Moreover, relevant publications for machine learning are appearing at an incredible pace, making it difficult to keep track of all algorithms and their most optimal implementations. Several publications promise increased classification or execution performance, but they do not release code nor are they evaluated on all data sets of interest.

To cope with the drawbacks listed above, we at the IBM Research – Zurich Laboratory are developing a framework that facilitates data preprocessing, training and visualization of the results. A common representation of hundreds of experiments allows us to learn from previous research at a higher pace and make automated suggestions in terms of hyper-parameters when new datasets are at hand.

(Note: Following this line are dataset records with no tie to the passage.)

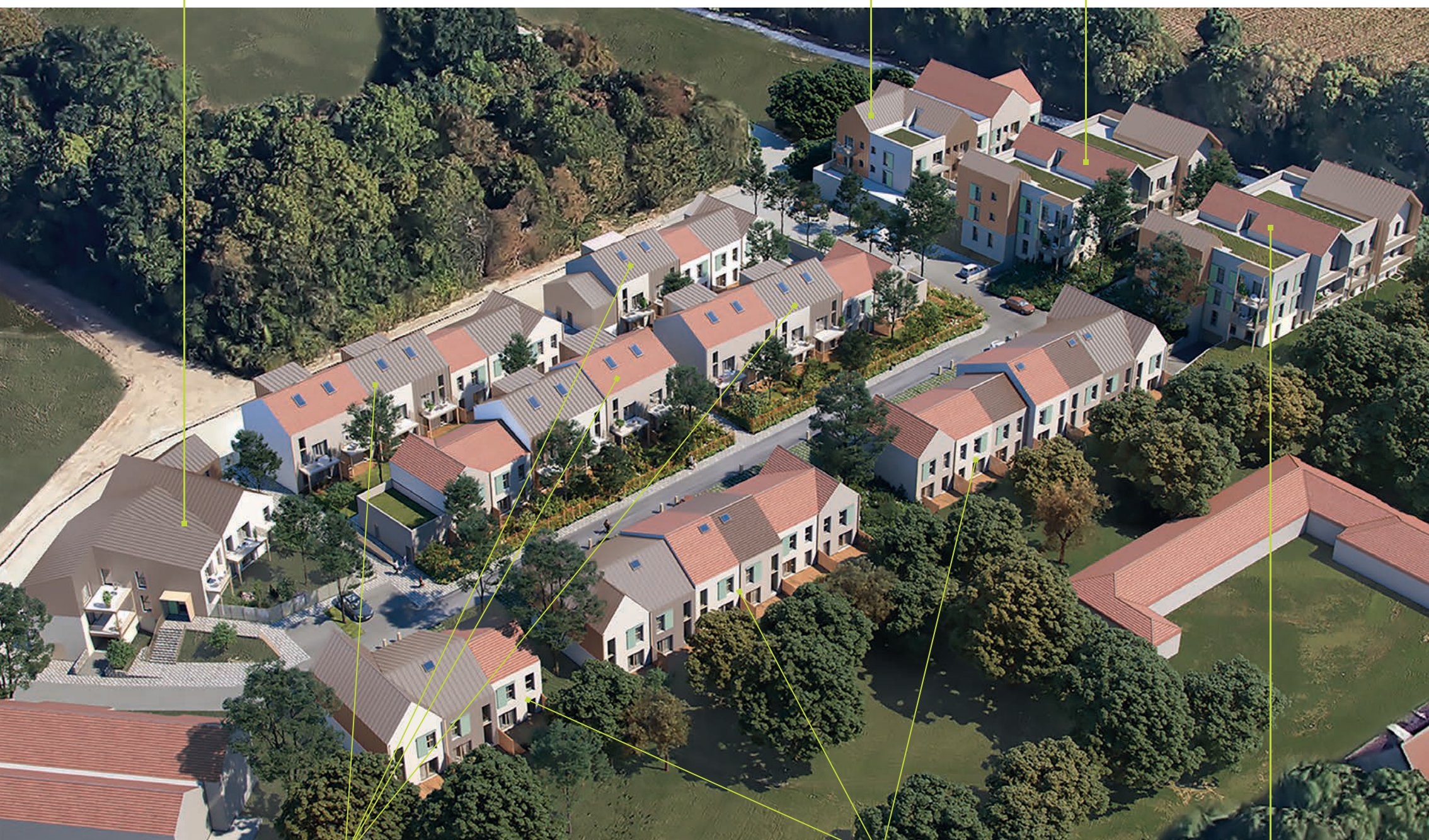
BÂTIMENTS B, C, D, E appartements 3 et 4 pièces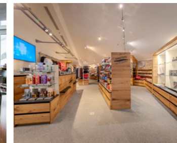
متجر قمة أوروبا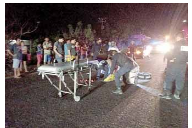
► Paramédicos arribaron al lugar.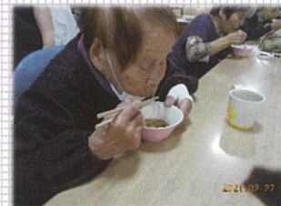
介護クッキング ラーメン！！

ご利用者様・ご家族様、地域の皆様にはいつもお世話になりありがとうございます！ 令和3年4月から、より明るく優しい気持ちで利用者さんの思いに寄り添い、「デイサービスに今日も来て良かった！！」と言っていただける様、通所と居宅介護支援のサービスの充実をはかり、職員一同力を合わせて頑張りますので今年度もよろしくお願いいたします☆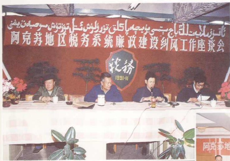
阿克苏地区税务系统廉政建设纠风工作座谈会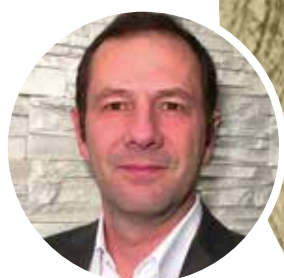
PAR FRÉDÉRIC SEGRETINAT DIRECTEUR COMMERCIAL INTERNATIONAL B2B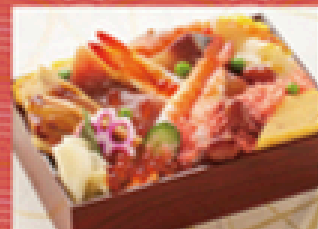
海鮮清けちらし 1,800円 (税込1,980円)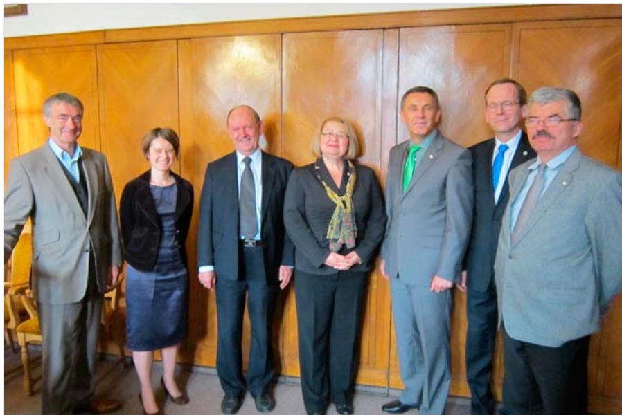
Członkowie Komisji Akredytacyjnej Międzynarodowego Stowarzyszenia CEEMAN z przedstawicielami UEP

Uniwersytet Ekonomiczny w Poznaniu zajął drugie miejsce – po Szkole Głównej Handlowej w Warszawie – w konkursie na najbardziej medialną uczelnię ekonomiczną w kraju – według analizy „PRESS-SERVICE Monitoring Mediów”. Świadczy to o prestiżu naszej Uczelni, która wielokrotnie, przy najróżniejszych okazjach, jest przywoływana w środkach masowego przekazu. Dziennikarze piszą zarówno o działalności edukacyjnej, aktywności naukowej, prowadzonych inwestycjach Uniwersytetu Ekonomicznego w Poznaniu, jak i pojawiają się artykuły z życia i działalności kulturalno-sportowej naszych studentów.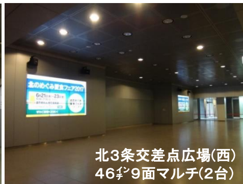
北3条交差点広場(西) 46 ㍉ 9面マルチ(2台)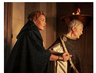
2024 GLADIATOR 2 (Gladiator II) de Ridley Scott avec Connie Nielsen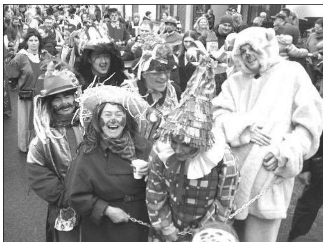
V PRŮVODU. Dobře se bavící účastníci prvního Karlštejnského masopustu na místní pěší zóně.

O hudební produkci při cestě městem se postarala kapela Třehusk a ZUŠ Radotín. V odpoledních hodinách průvod dorazil na náměstí, kde byl připraven krátký program. Divákům se postupně představily ZS Karlštejn, Třehusk, Divadlo Na rohu u nás a bubeníci z Radotína. Po ukončení programu na náměstí na děti čekal karneval pod taktovkou DJ Karla Moravce a celý masopust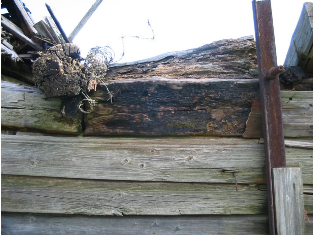
Foto nr 40 – 1893.a. põlengu jälg vana voodrilaua all aastal 2008.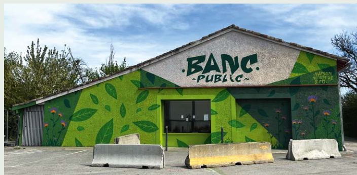
La fresque réalisée sur la façade de Banc Public, tiers-lieu qui jouxte la Maison Malepère.

« Banc Public », c'est le nom de l'espace qui s'est installé dans l'ancienne boulangerie La Panetière au 116 Route de Labège, de manière temporaire, avant la construction de logements. Ce projet d'urbanisme transitoire mené par l'association Ressources Solidaires et l'agence Intercalaire, en partenariat avec la Maison Malepère, est un lieu ouvert aux projets associatifs et collectifs, un espace d'échanges, de rencontres et de réunions au cœur du Faubourg Malepère. Son succès repose en grande partie sur les contributions des trois réunions de concertation, véritables séances de remue-méninges, menées avec les habitants pendant l'été et avec le soutien d'Oppidea.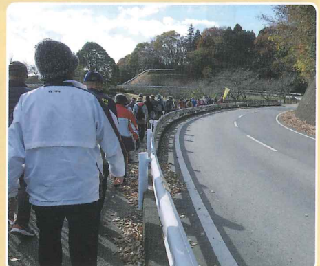
12月3日、晴天の下、双葉台地区市民歩く会が楮川ダムコースで実施されました。参加者は50名。受付を済ませ、ウォーキングクラブ指導者による準備運動をして出発。(右ページへ)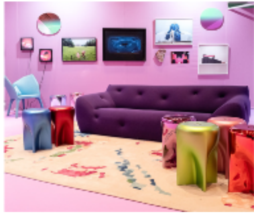
L'appartement du collectionneur 2019

Une nouvelle scénographie et un nouvel emplacement pour le désormais célèbre appartement du collectionneur de fotofever, qui accueille les œuvres des exposants autour de 5 thématiques inédites, en partenariat avec Roche Bobois.

In this Great Minds project, the student will have access to our current infrastructure and framework, and will be asked to extend it. The student will work on state-of-the-art networks, with the aim of improving our framework’s suggestion in terms of hyper-parameters. Our infrastructure is based on a large set of POWER systems with latest-generation GPUs. Maintaining and optimizing code running on such a large infrastructure becomes a real scalability challenge.

Requirements

  • Strong programming skills, C++ or Python preferred
  • Experience with machine-learning framework, Tensorflow or Theano preferred.
Z-2018-10

Developing AI models to formulate consumer goods

[ Project description | Close ]

Optimizating the formulations of consumer goods is a very important industrial task for any product that reaches end users. In this project, we will explore different approaches in machine learning and neural networks for optimizing the formulations of consumer goods versus pre-assigned key performance indicators.

Requirements

Knowledge of basic machine learning / neural network methodologies is required. No specific knowledge of materials or chemistry is required.

Z-2018-11

AI-based construction of Hamiltonian in quantum mechanical simulations

[ Project description | Close ]

The IBM team recently disclosed a parallel sparse matrix–matrix multiplication [1] that is very promising for quantum mechanical simulations of large biological systems. In this project, we will use the same computational framework to explore different AI methodologies for constructing the underlying Hamiltonians along the quantum mechanical simulations.

Requirements

Knowledge of basic machine learning / neural network methodologies is required. No specific knowledge of computational material science or chemistry is required.

[1] J. Chem. Theory Comput., 11(7), 3145, 2015.